EXERCISE INSTRUCTIONS:
Nothing but the lines from the one with "This antique coffee" through the end of the listing should be reproduced, each exactly and with pictures omitted.

TASK DATA:
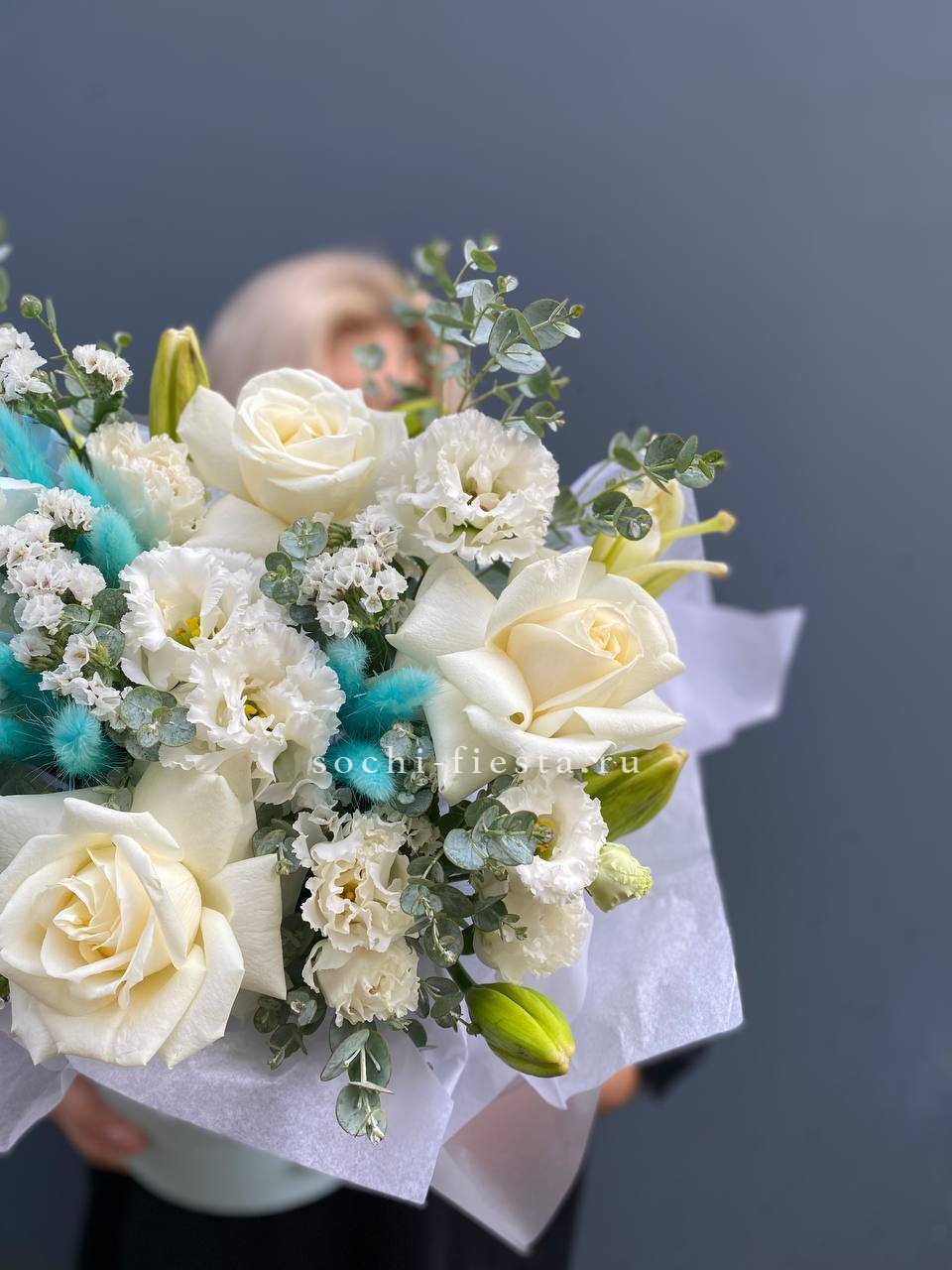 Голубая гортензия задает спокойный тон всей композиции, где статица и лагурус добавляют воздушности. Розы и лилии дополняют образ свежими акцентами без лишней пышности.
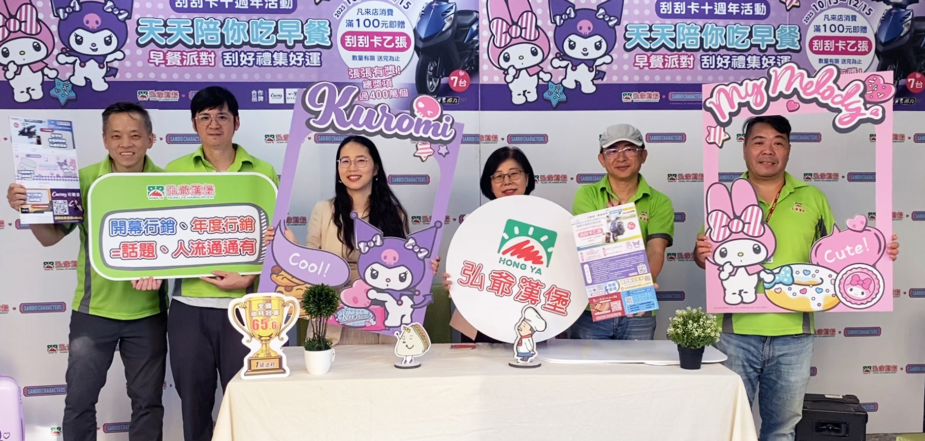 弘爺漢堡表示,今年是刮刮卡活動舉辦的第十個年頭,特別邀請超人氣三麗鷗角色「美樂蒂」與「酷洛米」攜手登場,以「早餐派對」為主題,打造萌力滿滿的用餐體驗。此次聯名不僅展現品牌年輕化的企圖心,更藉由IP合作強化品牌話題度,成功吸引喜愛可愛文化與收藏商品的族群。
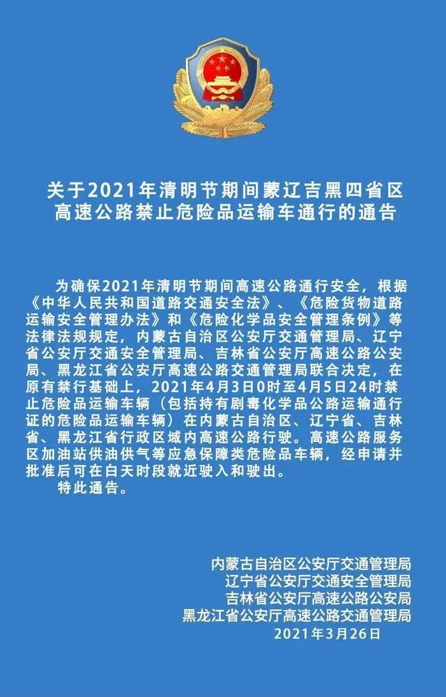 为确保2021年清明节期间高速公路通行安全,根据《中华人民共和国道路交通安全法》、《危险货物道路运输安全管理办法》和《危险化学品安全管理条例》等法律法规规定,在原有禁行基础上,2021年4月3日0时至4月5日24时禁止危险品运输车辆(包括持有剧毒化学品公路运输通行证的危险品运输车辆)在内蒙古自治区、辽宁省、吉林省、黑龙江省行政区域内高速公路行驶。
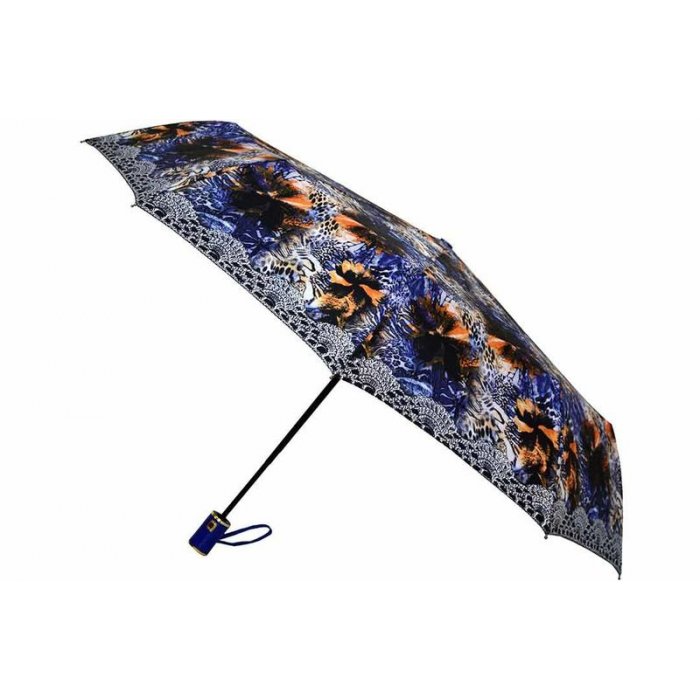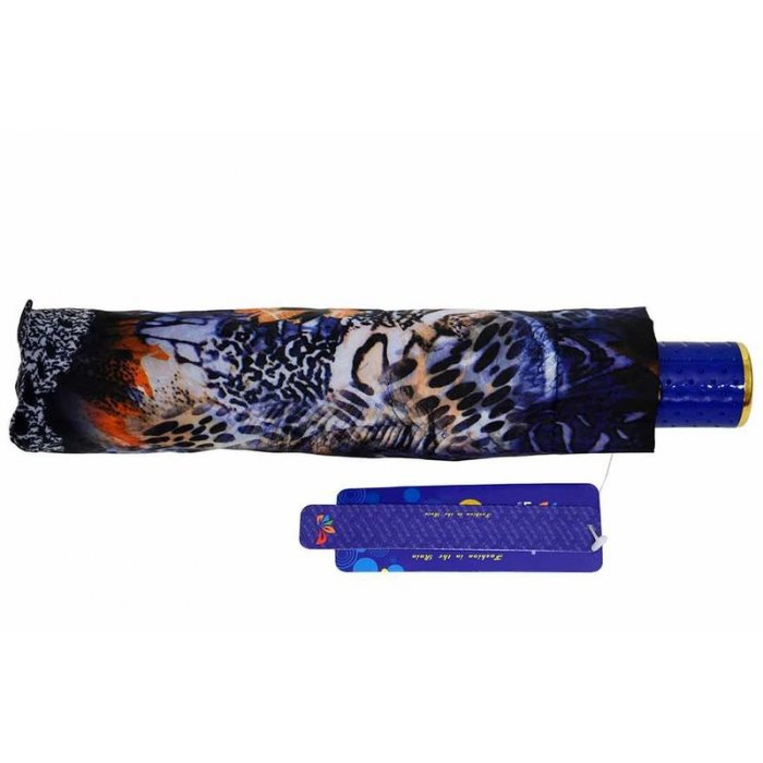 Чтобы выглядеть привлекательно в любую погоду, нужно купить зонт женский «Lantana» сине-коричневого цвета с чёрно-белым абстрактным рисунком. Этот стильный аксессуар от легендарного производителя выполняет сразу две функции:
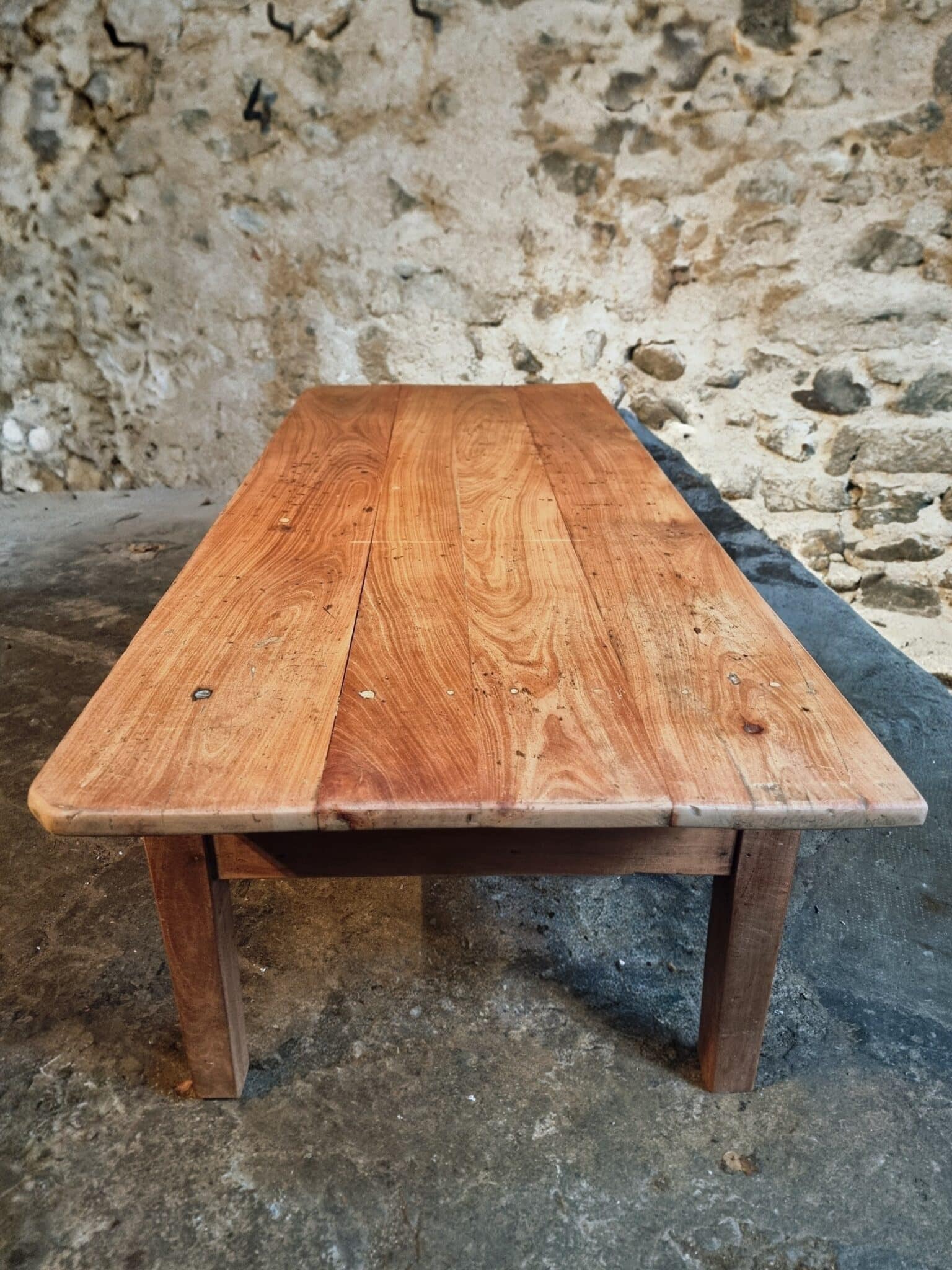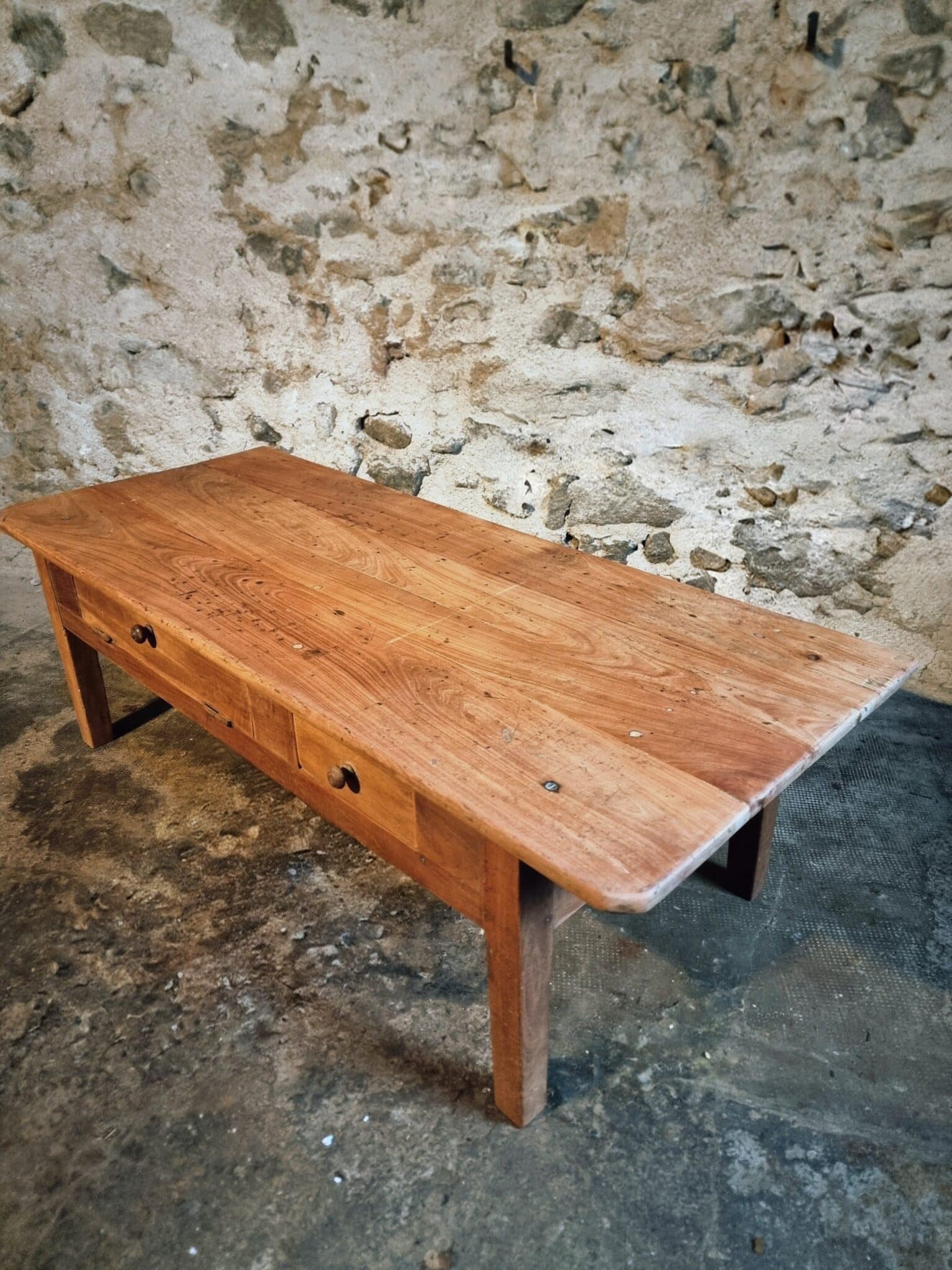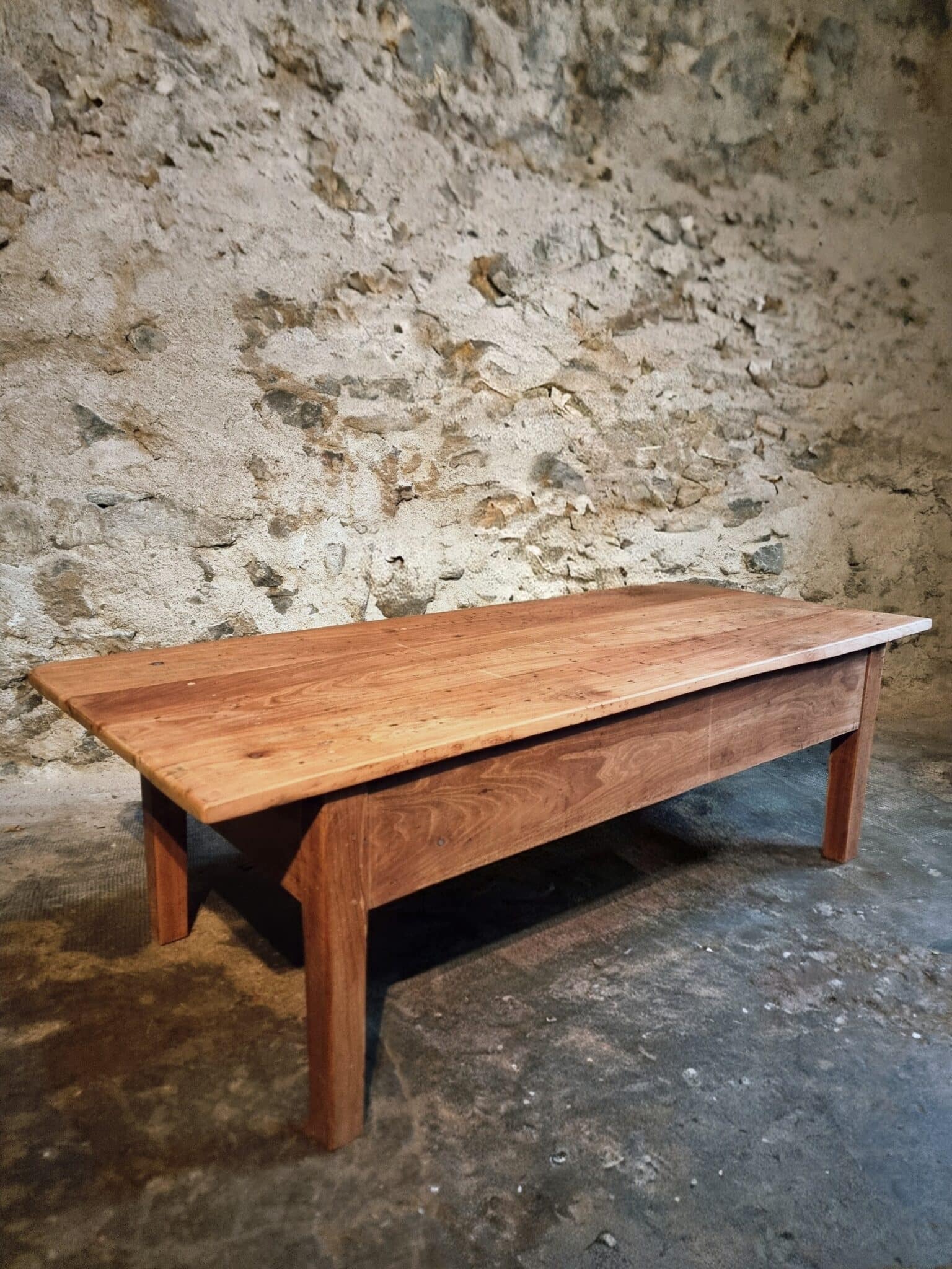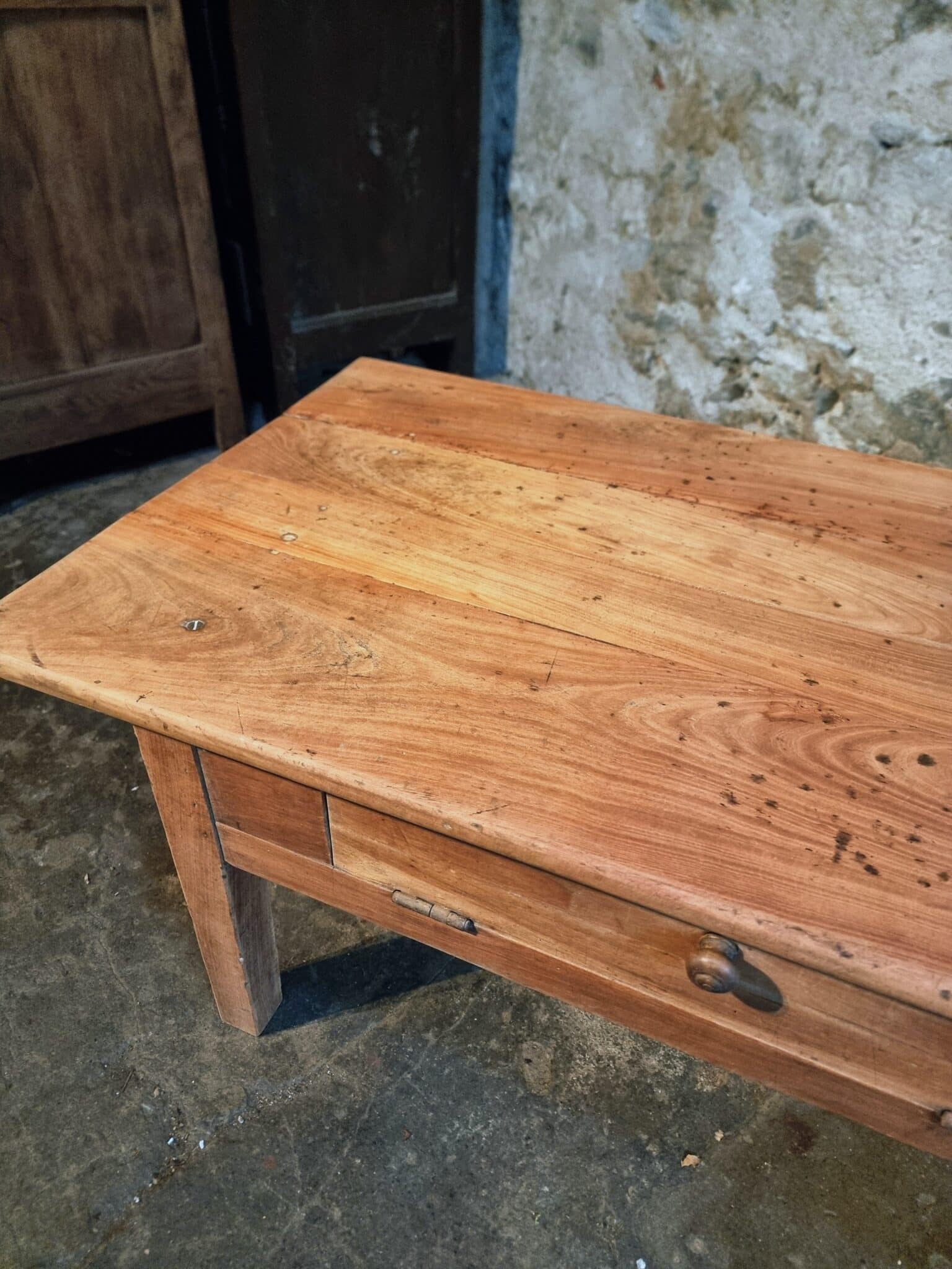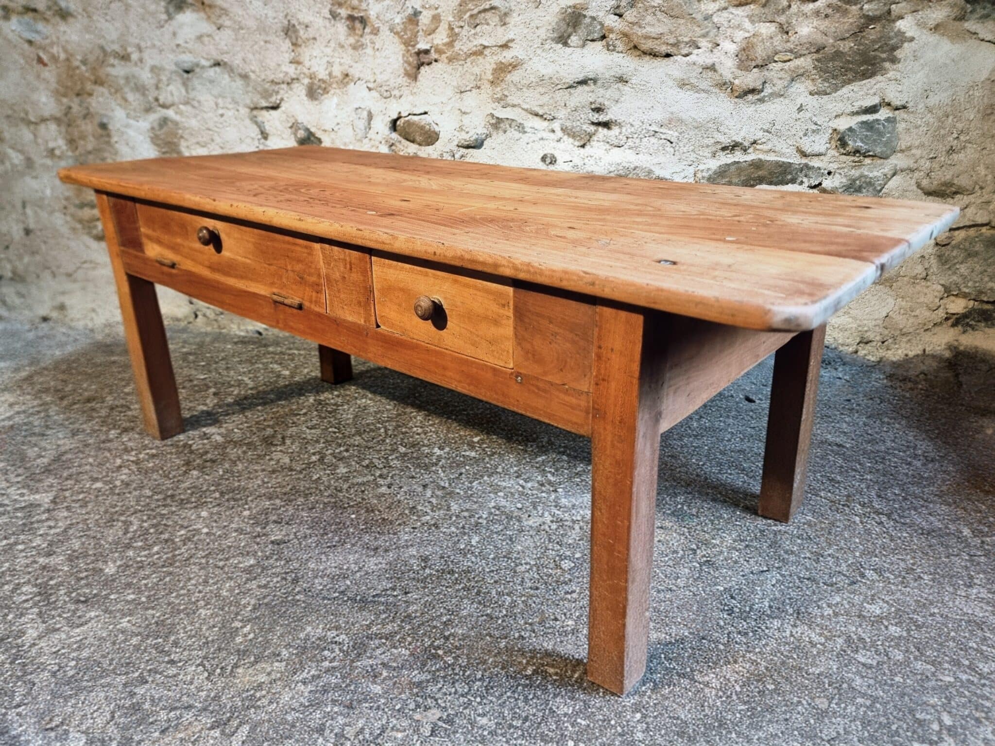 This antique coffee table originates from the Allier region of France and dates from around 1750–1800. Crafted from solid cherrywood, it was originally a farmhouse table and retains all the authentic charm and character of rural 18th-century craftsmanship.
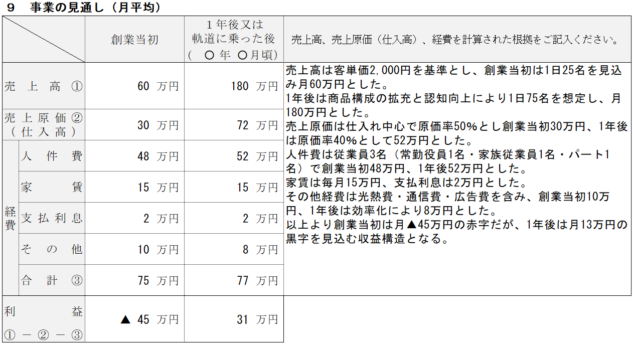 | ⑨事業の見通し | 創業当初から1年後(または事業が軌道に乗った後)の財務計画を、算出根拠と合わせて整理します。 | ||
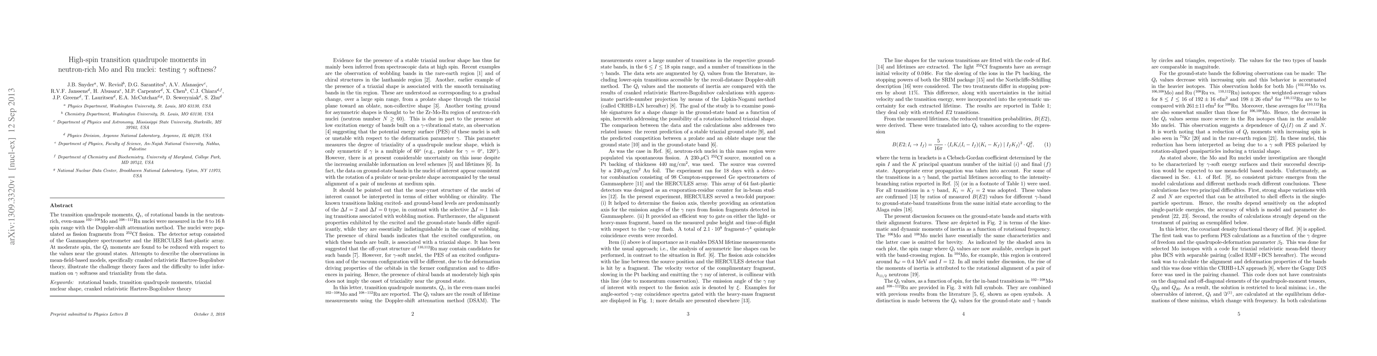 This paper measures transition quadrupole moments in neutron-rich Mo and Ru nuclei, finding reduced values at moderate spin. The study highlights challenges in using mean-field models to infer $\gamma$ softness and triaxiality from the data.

RESPONSE BOX:
 This antique coffee table originates from the Allier region of France and dates from around 1750–1800. Crafted from solid cherrywood, it was originally a farmhouse table and retains all the authentic charm and character of rural 18th-century craftsmanship.
 | ⑨事業の見通し | 創業当初から1年後(または事業が軌道に乗った後)の財務計画を、算出根拠と合わせて整理します。 | ||
 This paper measures transition quadrupole moments in neutron-rich Mo and Ru nuclei, finding reduced values at moderate spin. The study highlights challenges in using mean-field models to infer $\gamma$ softness and triaxiality from the data.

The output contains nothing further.